So we love Reformation. We sing "A Mighty Fortress Is Our God" in all of it's teutonic stomp. We sing it poorly. We sing it with Spirit. Maybe somewhere Luther smiles.

Saturday, October 30, 2010

Election Update

A Few Thoughts as we approach election day.
1. Restoring Sanity Rally: I am cautiously optimistic that we might see some funny clips on. This is entertainment. If you get political guidance from Comedy Central you are not getting the joke. If their jokes offend you... don't watch.

2. Election is Tuesday and I do care and I will vote. They always throw all those Judicial Names at you to vote for retention. Our Missouri Vourt plan for how we select Judges is a model in the country which big money wants to buy. Lets keep the faith but lets also get rid of bad judges. Not because of their politics, but because they are bad Judges. I will not name names but the Missouri Bar, plaintiff, defendant, criminal and divorce lawyers rate these Judges and their ratings that i am familiar with track with my own thoughts. http://www.mobar.org/data/judges10/stlcounty.htm Go read this stuff. Be informed.

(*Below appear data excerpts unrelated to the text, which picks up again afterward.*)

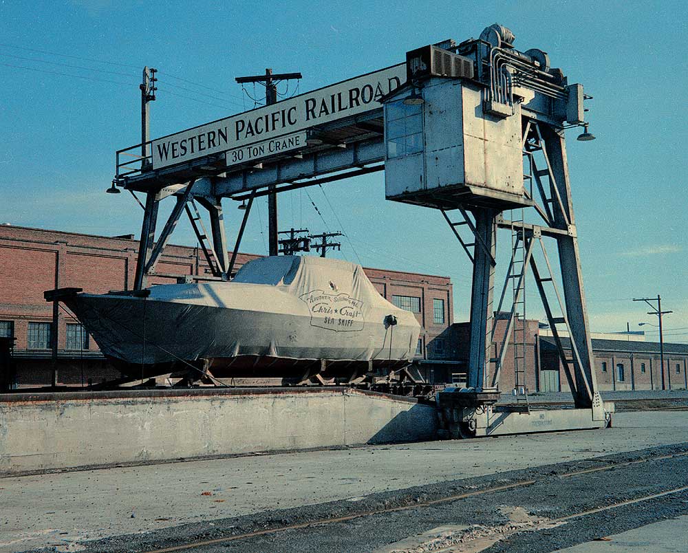 (above) West San Jose terminal's transfer crane, August 1965; Del Monte cannery warehouses in background along Bush Street.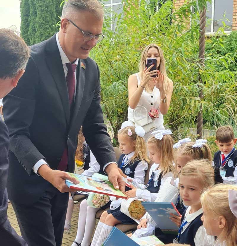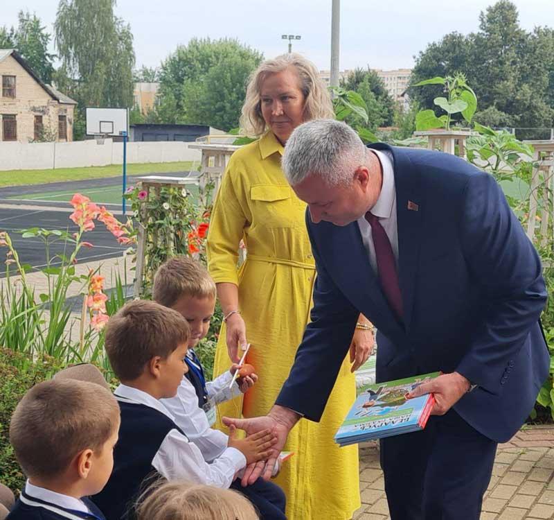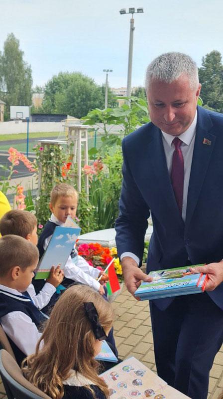 Подарки учащимся Гимназии № 5 вручили Вадим Францевич Гигин, депутат Палаты представителей Национального собрания Республики Беларусь, и Николай Александрович Поляков, глава администрации Партизанского района г.Минска.
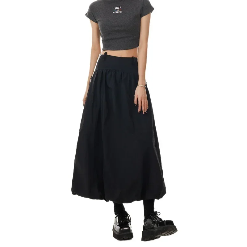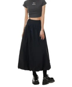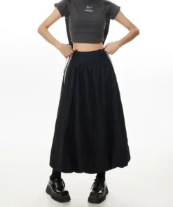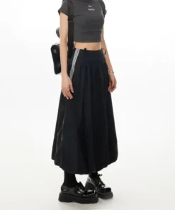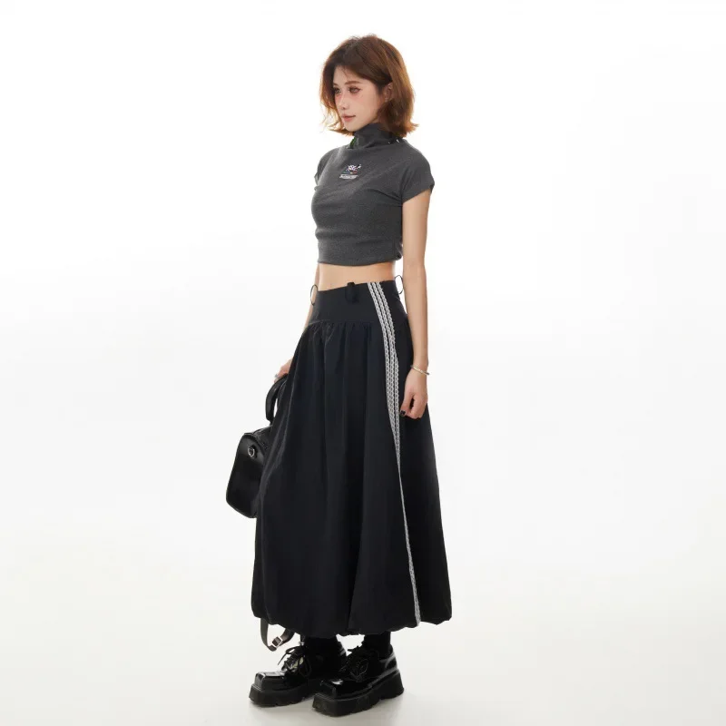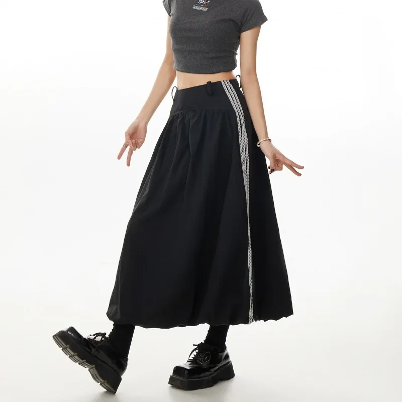 Black Stripe Lace Trim A- Line Midi Skirt Women’s High Waist Summer Fashion Loose Workwear Umbrella Skirt Elegant Style

3. The ballot otherwise has two propositions and 3 Constitutional amendments. It is amazing about special interests and the things that rise to the level of Constituionally needed. Really?
Amendment 1 to make County Assessor an elected position. Really? We need another election in each County? the Counties cannot manage themselves? We need to put big money is a position to hire our assessor as well as our alderman, our supervisor, our mayor, our court clerk, our dog catcher...lets do a CONSTITUTIONAL AMENDMENT to elect the Mayors Secretary. That bitch has a lot of power (if it is a woman... in any case I guess I am sexist).
Amendment 2. Prisoners of war should not have to pay property taxes on their houses. I have no problem with this, who would? Still, a Constitutional Amendment? I do not mean to discount their suffering. I have never met a POW and I cannot imagine what they went through but if your going to do this then what about the surviving spouses of those who died? Once again, this is an inappropriate thing to amend the Constitution for.
Amendment 3 Attempts to make a law which will not allow theState, County or local governments to tax sales of real estate. There is no current sales tax on real estate in our State but we need to pass a CONSTITUTIONAL AMENDMENT TO MAKE SURE THEY DONT! DON'T TREAD ON YOUR REAL ESTATE AGENTS LOBBY! Once again, totally inappropriate to put this kind of special interest bullshit in the State Constitution. Voting against all three.

4. On that same note how come the ORIGINAL INTENT people are never concerned about the original intent of the geniuses who wrote the Missouri Constitution?

5.. Propositions A&B. Lets all vote on how Kansas City and St. Louis fund themselves because they cannot take care of themselves. lets help them and make them change how they fund themselves. I am voting against this one. I do not live there or work there but I have. I paid my 1%. I enjoyed very little benefit but a dead, confused City does nothing for me downtown. It is NONE of my business how another jurisdiction taxes people. B is on puppy mill regulation. I love animals, especially dogs and have 2 rescue dogs. This is more regulation and more costs. If you do not want puppy mills, buy a mutt. Make animal abuse a serious crime. Oh...opur legislature could do that. Bottom line is that I am voting against both. Hey! I could jopin the party of no.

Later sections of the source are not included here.